18 nov. 2007

Potencia sin control...

Después de haber jugado como nunca en su vida David Ferrer, ha jugado hoy por méritos propios la final del Masters 2007. Frente a él, el probablemente mejor jugador de todos los tiempos, Roger Federer.

Ayer comentaba a mis amigos que hoy se vería si Ferrer tenía madera de campeón o no. He visto casi todos los partidos de este Master, además de los 2 últimos Master Series (Madrid y París), con lo cual opinaba que a falta de Nalbandián, Ferrer era claramente el jugador más en forma de todos.

Pero el estado de forma no lo es todo en el tenis, hay una cosa que se llama cerebro, y ahí es donde hoy Ferrer ha fallado. Sin desmerecer el partidazo de Federer, que se ha crecido desde que perdió el primer partido, un toque de atención importante a un Federer que en los últimos tiempos lo he visto demasiado relajado ante falta de rivales que le hicieran sudar la camiseta.

Ferrer en todo el torneo ha hecho muy pocos errores no forzados y hoy ha hecho un montón, y resalto lo de NO FORZADOS, porque esos no dependen de quién tengas delante, dependen de tu cabeza.

Hoy ha sido el examen y hemos salido de dudas, he vuelto a ver al Ferrer que rompe una raqueta por haber perdido un set, acto humillante para cualquier amante del tenis, parece que este señor solo sabe comportarse cuando gana, pues allá él, a mí nunca me han tirado los colores y si veo un Nadal - Federer, quiero que gane el que juegue mejor, me importa una mierda el país de origen.
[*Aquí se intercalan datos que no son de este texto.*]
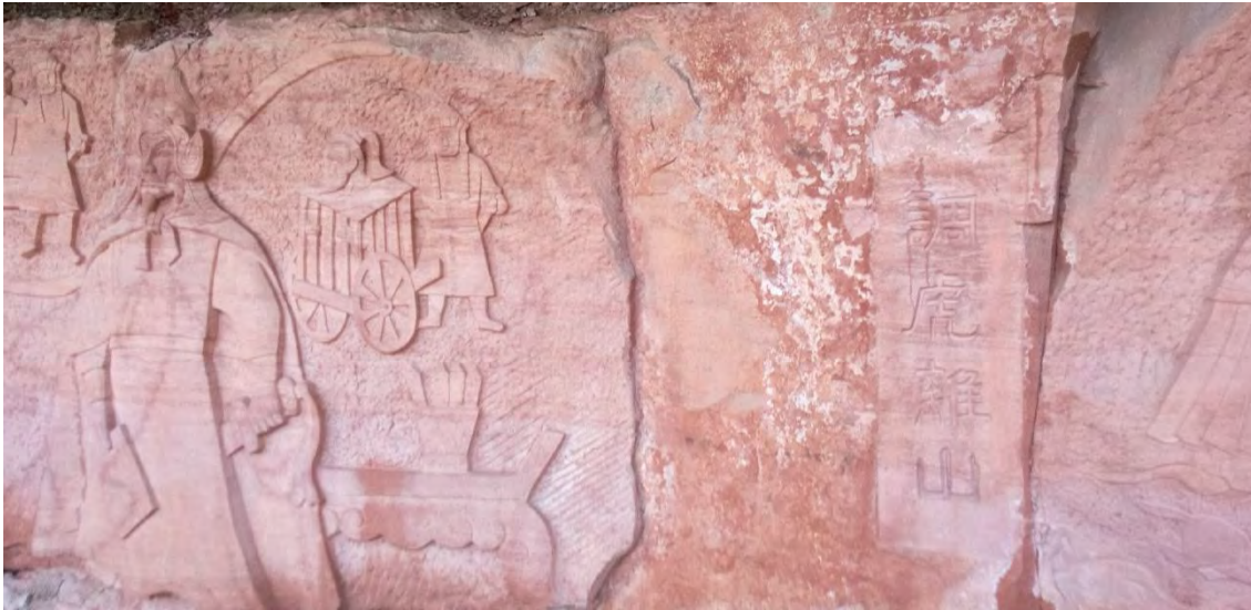
③ 反間計 反間の計
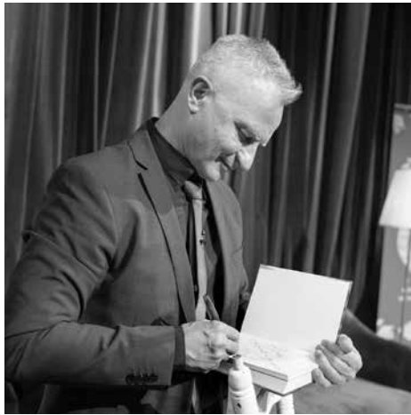
Писателят разговарява повече от час автографи

Карабашлиев от своя страна обясни, че обикновено започва да пише след-
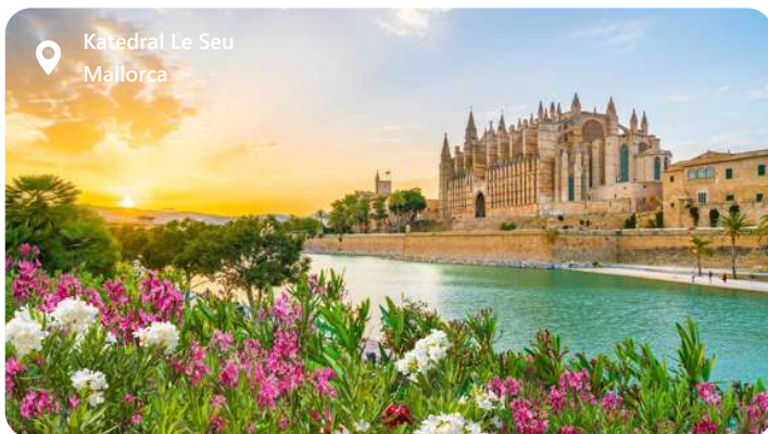
Katedral Le Seu Mallorca
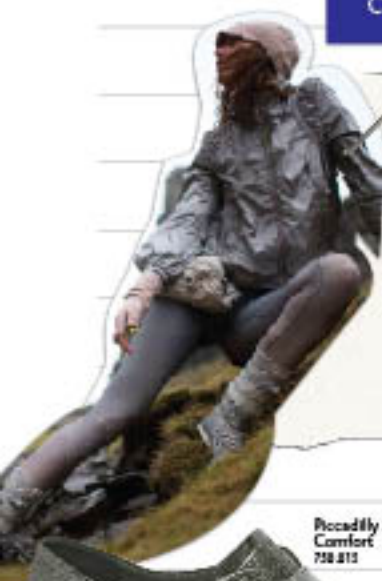
Piccadilly Sport Comfort 758.813

A moda Sport Comfort transmite um estilo casual e confortável, com modelagens detalhadas, velcros, elásticos, zíperes e cadarços. O contraste de cores e materiais dá um toque especial.

Pero si veo un Ferrer - Federer, quiero que también gane el mejor, pero me alegro más si gana un tío al que no he visto nunca romper una raqueta por estar cabreado (ya tiraré de youtube para ver si estoy diciendo una tontería).

En cuanto al tenis que más me interesa, hoy tengo unas agujetas de nivel en mis piernas, parezco un abuelito cuando subo las escaleras... ayer partido de la máxima tensión durante más de 2 horas a una temperatura demasiado fría para mi gusto, aún así di todo lo que tenía dentro y pese a perder el primer set por 6-3 e ir perdiendo en el segundo por 5-3, conseguí recuperar hasta el 5-6 y ganar un tie-break en el que perdía por 5-2, no quise rendirme y el esfuerzo tuvo recompensa.